1 points lu794377 | 1 comments | | HN request time: 0.217s | source

Hi HN, We’ve been working on Veo 3.1, an AI video model that turns text or image prompts into cinematic video clips with built-in audio and scene control. It’s the next step after Veo 3, focused on longer storytelling and directing flexibility.

Veo 3.1 builds on transformer-based video diffusion with improved temporal consistency and sound integration.

Key features:

Extended 30-Second Clips: Generate longer cinematic scenes with natural pacing and narrative flow.

1080p & Vertical Format: Outputs in full HD and native 9:16 for social or professional use.
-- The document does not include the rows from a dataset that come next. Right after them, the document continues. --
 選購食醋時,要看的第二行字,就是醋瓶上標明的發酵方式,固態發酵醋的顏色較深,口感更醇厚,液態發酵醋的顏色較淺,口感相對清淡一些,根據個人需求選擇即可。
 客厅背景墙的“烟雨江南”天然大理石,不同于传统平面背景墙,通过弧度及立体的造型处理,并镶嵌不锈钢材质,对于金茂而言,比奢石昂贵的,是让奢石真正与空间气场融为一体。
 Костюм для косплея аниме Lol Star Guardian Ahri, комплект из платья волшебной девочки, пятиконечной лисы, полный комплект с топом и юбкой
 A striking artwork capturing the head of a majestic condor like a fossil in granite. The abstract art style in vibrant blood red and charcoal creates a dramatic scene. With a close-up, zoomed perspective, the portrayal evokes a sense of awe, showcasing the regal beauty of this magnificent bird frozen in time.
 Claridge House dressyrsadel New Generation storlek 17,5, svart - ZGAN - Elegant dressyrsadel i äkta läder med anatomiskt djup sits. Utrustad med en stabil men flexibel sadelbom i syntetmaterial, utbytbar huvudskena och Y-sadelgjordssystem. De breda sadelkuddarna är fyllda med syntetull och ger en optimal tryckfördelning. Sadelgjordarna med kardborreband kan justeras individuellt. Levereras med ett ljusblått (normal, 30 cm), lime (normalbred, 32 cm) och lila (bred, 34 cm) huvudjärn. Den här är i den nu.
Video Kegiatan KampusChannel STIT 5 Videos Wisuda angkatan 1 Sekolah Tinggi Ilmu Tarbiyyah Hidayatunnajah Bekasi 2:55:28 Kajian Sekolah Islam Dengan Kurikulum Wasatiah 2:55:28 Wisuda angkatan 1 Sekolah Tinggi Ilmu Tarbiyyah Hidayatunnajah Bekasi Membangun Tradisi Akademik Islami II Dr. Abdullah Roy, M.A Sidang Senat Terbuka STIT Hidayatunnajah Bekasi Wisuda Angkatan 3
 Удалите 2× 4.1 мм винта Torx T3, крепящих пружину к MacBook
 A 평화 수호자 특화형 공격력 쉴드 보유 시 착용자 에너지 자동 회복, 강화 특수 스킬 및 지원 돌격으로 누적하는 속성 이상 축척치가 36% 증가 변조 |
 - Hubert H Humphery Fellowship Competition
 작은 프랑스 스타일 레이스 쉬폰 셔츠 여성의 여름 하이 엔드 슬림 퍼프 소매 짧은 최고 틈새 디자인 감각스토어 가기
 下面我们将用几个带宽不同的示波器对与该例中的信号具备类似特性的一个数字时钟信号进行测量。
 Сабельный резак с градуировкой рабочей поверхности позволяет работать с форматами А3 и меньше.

Stronger Scene Consistency: Improved lighting, framing, and character stability across shots.

Multi-Shot Orchestration: Create multi-shot sequences with transitions and camera motion control.

Built-In Audio & Lip-Sync: Automatically syncs dialogue and ambient sound for cinematic realism.

Why we built this: We wanted to move beyond short clips toward full cinematic storytelling — where a single prompt can define a sequence of shots, pacing, and sound without external tools.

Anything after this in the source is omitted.